With care home finances under constant review, it’s important to maximise revenue in order to maintain operations and ensure future growth and profitability. This article looks at some of the key measures which can help care homes to thrive.
The care sector continues to face significant financial pressures from rising operational costs – energy bills, food expenses, and staffing have all increased substantially. As one of the UK’s largest employment sectors, with 1.7 million people in the workforce, the care industry has been particularly impacted by the Employer National Insurance contribution changes in April 2025, creating additional cashflow challenges for many care homes.
Given that approximately half of care home residents aged 65 and over fund their own care, and with limited certainty around local authority fee support, it’s crucial that independent care homes take a strategic approach to their business finances to ensure continued profitability. While discussing care in financial terms can feel uncomfortable, the reality is that without sustainable profits, many care homes face the risk of closure.
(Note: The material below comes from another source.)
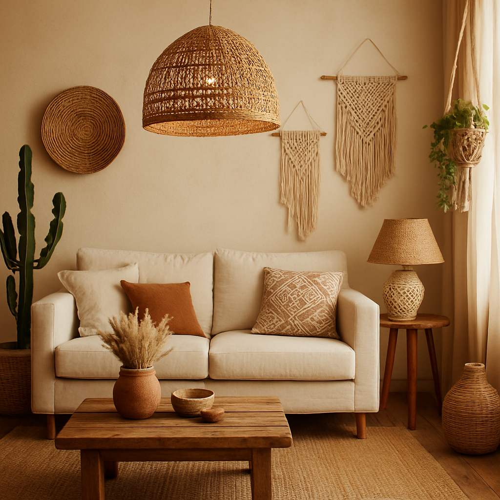 Une ambiance chaleureuse et naturelle, où les matières brutes et organiques sont à l’honneur. Les tons sont doux (beige, sable, terre cuite), les textures variées (jute, macramé, céramique artisanale). Le mobilier est simple et accueillant, avec une dominante de bois clair et de fibres naturelles. L’ensemble invite à la détente et à la rêverie, comme un refuge paisible au cœur du tumulte.

Essential KPIs Every Care Home Should Track
As care homes work to rebuild following the disruption of the COVID-19 pandemic while managing increased costs, focusing on the right financial measurements is vital:
- Revenue by service line – the service generating the highest income may not necessarily deliver the best gross profit margins.
- Utilisation rates – are you maximising the potential of your existing resources and investments?
- State vs. private funding mix – understanding the ideal balance between these two revenue streams for your business.
- Operating cost per bed per day – breaking down costs to this level helps identify exactly where efficiencies can be made.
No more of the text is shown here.